EI is no more of an algae preventer than co2 and light. If these three things are in the right amounts then the plants maximize their uptake and rid the water of waste products from the nitrogen cycle, notably ammonia. 

A new tank with good light is always the easiest target for algae, since the bio-filter is immature and it's very easy to have ammonia sit in the tank. The addition of carbon/purigen and large water changes is always recommended to rid the tank of organics before they break down. These act as a bridge to fill the gap unto the bio-filter matures and the plants 'really' start to grow.

A tank that has very little plant mass and good light is the next most vulnerable tank. It might have a good bio-filter, but not enough plants to assist with the uptake. These tanks are very hard to maintain, especially if good light is needed (think Iwagumi.) If a thinly planted tank goes through any disturbance to the substrate and ammonia is released it's very easy to get an algae/algae bloom since the plants aren't present to assist with the uptake. 
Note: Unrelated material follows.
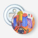 En färgstark, roligt, fantasifull målning som skildrar någon i en bil som lämnar en stad med böjt byggnad.

I think every tank has algae spores, but each one has a different threshold on those spores turning into full blown algae based on the ammonia that is left in the water column for too long.


----------



## MikeP_123 (Aug 31, 2008)

I think I may have had a Eureka moment! (A lot of credit to you house)

An excess of nutrients does not cause algae
Too much light even, might not cause algae

According to EI
Ammonia presence ends up, more times than not, being the cause of an algae bloom.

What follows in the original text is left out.